## Work order
Leave out each picture. Repeat everything else in the records exactly.

## Excerpted data

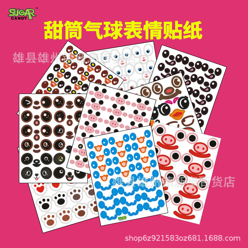 マジック長条風船diyトランペット人形表情シール漫画キャラクター少女人形目貼り絵汽球
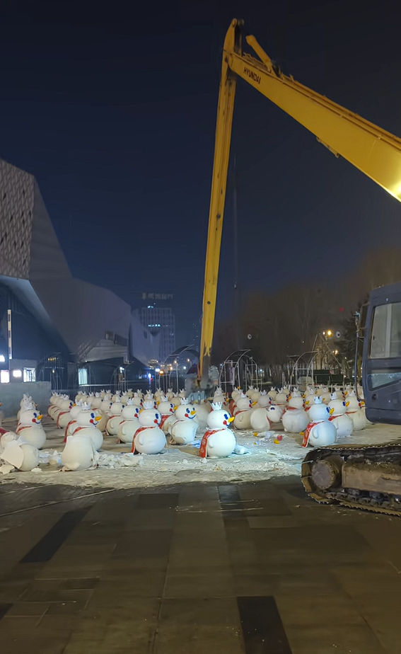 最高气温冲破0℃!欧交易所官网哈尔滨18米高巨型“雪王”被拆除
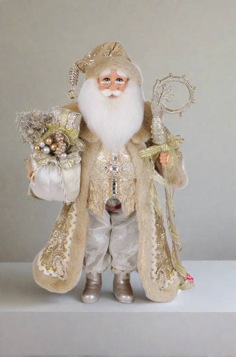 Our Lighted Touch of Gold Santa is great for any shelf, mantle, and countertop. The quality is unmatched with this decorative piece’s hand-painted face, inset eyes, unique fabric, and detailed accessories. With this design's elegant touch and beautifully lit tree, he's sure to add character and style to any home. Lights are battery operated. This piece takes 2- CR2032 button batteries.
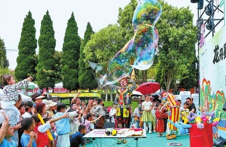 安寧市玉龍灣景區里,小丑演員在金塔廣場表演花樣泡泡。記者 胡妤雅 攝
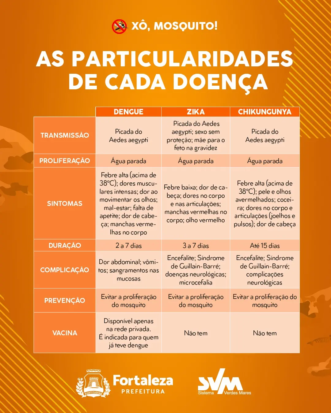 A dengue prevalece entre as três, ocorrendo predominantemente nas faixas etárias de 20 a 49 anos e no sexo feminino. Até o momento, houve registro de um caso grave da doença no Ceará, no município de Viçosa do Ceará, que resultou na morte do paciente. As outras duas arboviroses não causaram mortes, conforme os boletins epidemiológicos lançados até agora.
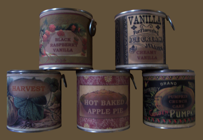 Our Paint Can Candles with Vintage Labels are available in many fragrances. Each candle is poured into an 8 oz. paint can and is accented with a vintage label designed for the fragrance inside. Hardware "washer" attached for easy-open lid.
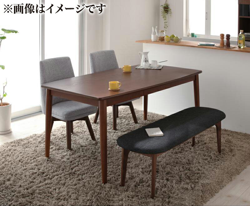 ダイニング 4点セット ダイニングテーブルセット 回転チェア ベンチ テーブル幅135cm 木製 ブラッシング加工 ダークブラウン DBR 組立品【代引不可】
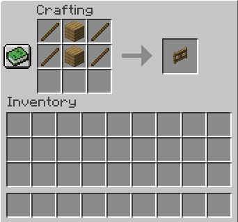 A wooden fence gate in Minecraft is crafted with sticks on the sides and wood planks in the center of the crafting table, as shown in the image below. Unlike a standard fence, the gate can be opened and closed, letting players and mobs pass through while keeping animals secure. It connects seamlessly to wooden fences, making it an essential building block for farms, bases, and other structures.
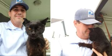 Elderly Cat Falls In Love With Her Mailman
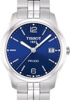 Tissot PR 100 model T150.417.11.041.00. Solid stainless steel case and bracelet. Blue dial with steel tone luminous hands and markers. Sapphire crystal. Swiss made quartz analog chronograph movement. Water resistant to 100 meters.
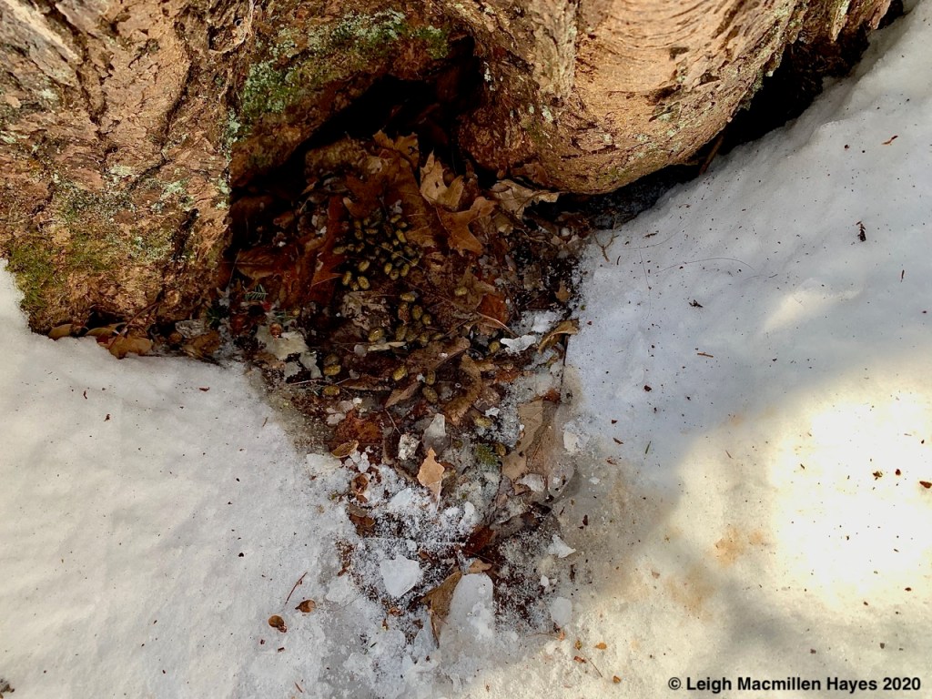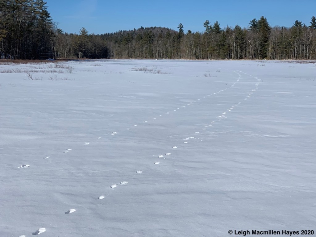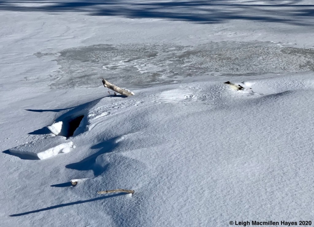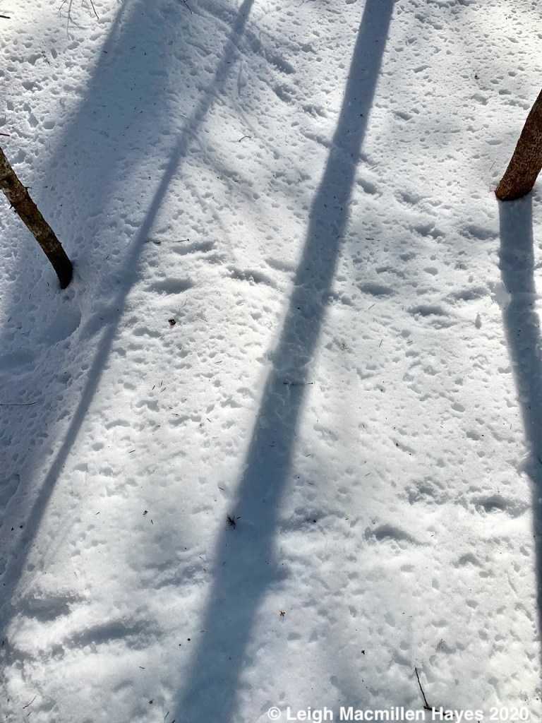 After circling the Loop Trail and noting tons of apple-filled coyote scat plus coyote, bobcat, red fox, and turkey tracks, we followed the Moose Loop aptly named for the moose that journeyed that way frequently, but also featured coyote and fox tracks. At Moose Bog, we again met the aphid poop-eating fungus and so the comparison began. Black Knot encircles the twig, while the Poop-eating fungus doesn’t. And Black Knot features a beady construction, while the Poop-Eaters are much lacier in looks, rather like the wooly aphids who offer their poop for consumption. The Black is much firmer, and Poop-Eater much more crumbly when touched. Either is interesting and . . . both offer opportunities to wonder.
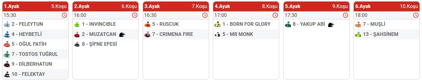 KÜÇÜK YUNUS 6. olmuş. Duramiyoruz ancak haklisiniz dogu yarislarindan uzak durmak lazim. Pek keyifde alamiyorum ben sahsen dogu yarislarindan. Sacma sapan sonuclar. Viraj donulur ya sacma sapan bir at cikar uzak ara uzar gider, veya atiniz kazaniyordur uzak ara ama gerilerden bir at kanat takar gelir elinizden alir yarisi. Kanatlanan bazen sizin at da olabiliyor tabi:) Ferit de ayri bir boyutu dogunun. Yazsaniz da, yazmasaniz da mutlaka gelir yatirir sizi. En iyi ihtimalle kuponunuzu, kurgunuzu mahfeder birakir. Ben sahsen bu jokeyden cektigim kadar baska hicbir jokeyden cekmedim.
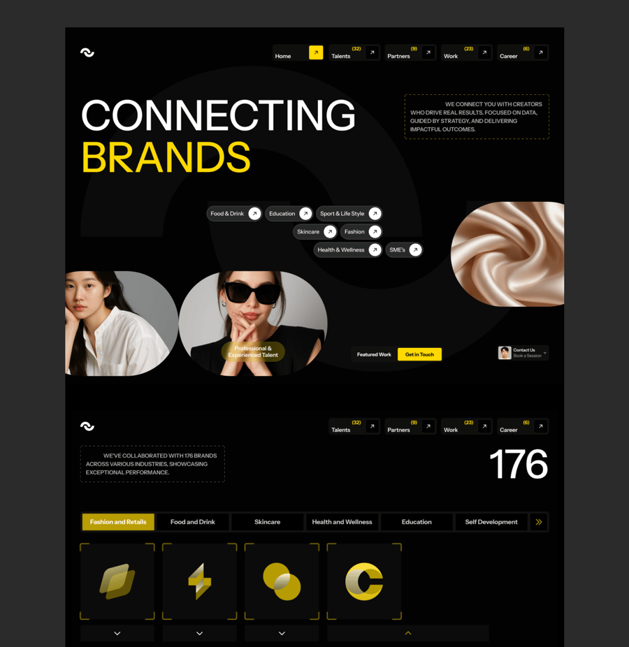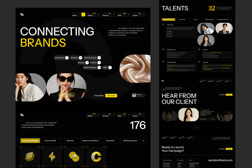 Groebest 是一款管理网站落地页 UI 套件。落地页包含 6 个部分,分别是:首页、品牌与合作伙伴、人才、推荐、行动号召 (CTA) 和页脚。

## Exercise answer
 マジック長条風船diyトランペット人形表情シール漫画キャラクター少女人形目貼り絵汽球
 最高气温冲破0℃!欧交易所官网哈尔滨18米高巨型“雪王”被拆除
 Our Lighted Touch of Gold Santa is great for any shelf, mantle, and countertop. The quality is unmatched with this decorative piece’s hand-painted face, inset eyes, unique fabric, and detailed accessories. With this design's elegant touch and beautifully lit tree, he's sure to add character and style to any home. Lights are battery operated. This piece takes 2- CR2032 button batteries.
 安寧市玉龍灣景區里,小丑演員在金塔廣場表演花樣泡泡。記者 胡妤雅 攝
 A dengue prevalece entre as três, ocorrendo predominantemente nas faixas etárias de 20 a 49 anos e no sexo feminino. Até o momento, houve registro de um caso grave da doença no Ceará, no município de Viçosa do Ceará, que resultou na morte do paciente. As outras duas arboviroses não causaram mortes, conforme os boletins epidemiológicos lançados até agora.
 Our Paint Can Candles with Vintage Labels are available in many fragrances. Each candle is poured into an 8 oz. paint can and is accented with a vintage label designed for the fragrance inside. Hardware "washer" attached for easy-open lid.
 ダイニング 4点セット ダイニングテーブルセット 回転チェア ベンチ テーブル幅135cm 木製 ブラッシング加工 ダークブラウン DBR 組立品【代引不可】
 A wooden fence gate in Minecraft is crafted with sticks on the sides and wood planks in the center of the crafting table, as shown in the image below. Unlike a standard fence, the gate can be opened and closed, letting players and mobs pass through while keeping animals secure. It connects seamlessly to wooden fences, making it an essential building block for farms, bases, and other structures.
 Elderly Cat Falls In Love With Her Mailman
 Tissot PR 100 model T150.417.11.041.00. Solid stainless steel case and bracelet. Blue dial with steel tone luminous hands and markers. Sapphire crystal. Swiss made quartz analog chronograph movement. Water resistant to 100 meters.
 After circling the Loop Trail and noting tons of apple-filled coyote scat plus coyote, bobcat, red fox, and turkey tracks, we followed the Moose Loop aptly named for the moose that journeyed that way frequently, but also featured coyote and fox tracks. At Moose Bog, we again met the aphid poop-eating fungus and so the comparison began. Black Knot encircles the twig, while the Poop-eating fungus doesn’t. And Black Knot features a beady construction, while the Poop-Eaters are much lacier in looks, rather like the wooly aphids who offer their poop for consumption. The Black is much firmer, and Poop-Eater much more crumbly when touched. Either is interesting and . . . both offer opportunities to wonder.
 KÜÇÜK YUNUS 6. olmuş. Duramiyoruz ancak haklisiniz dogu yarislarindan uzak durmak lazim. Pek keyifde alamiyorum ben sahsen dogu yarislarindan. Sacma sapan sonuclar. Viraj donulur ya sacma sapan bir at cikar uzak ara uzar gider, veya atiniz kazaniyordur uzak ara ama gerilerden bir at kanat takar gelir elinizden alir yarisi. Kanatlanan bazen sizin at da olabiliyor tabi:) Ferit de ayri bir boyutu dogunun. Yazsaniz da, yazmasaniz da mutlaka gelir yatirir sizi. En iyi ihtimalle kuponunuzu, kurgunuzu mahfeder birakir. Ben sahsen bu jokeyden cektigim kadar baska hicbir jokeyden cekmedim.
 Groebest 是一款管理网站落地页 UI 套件。落地页包含 6 个部分,分别是:首页、品牌与合作伙伴、人才、推荐、行动号召 (CTA) 和页脚。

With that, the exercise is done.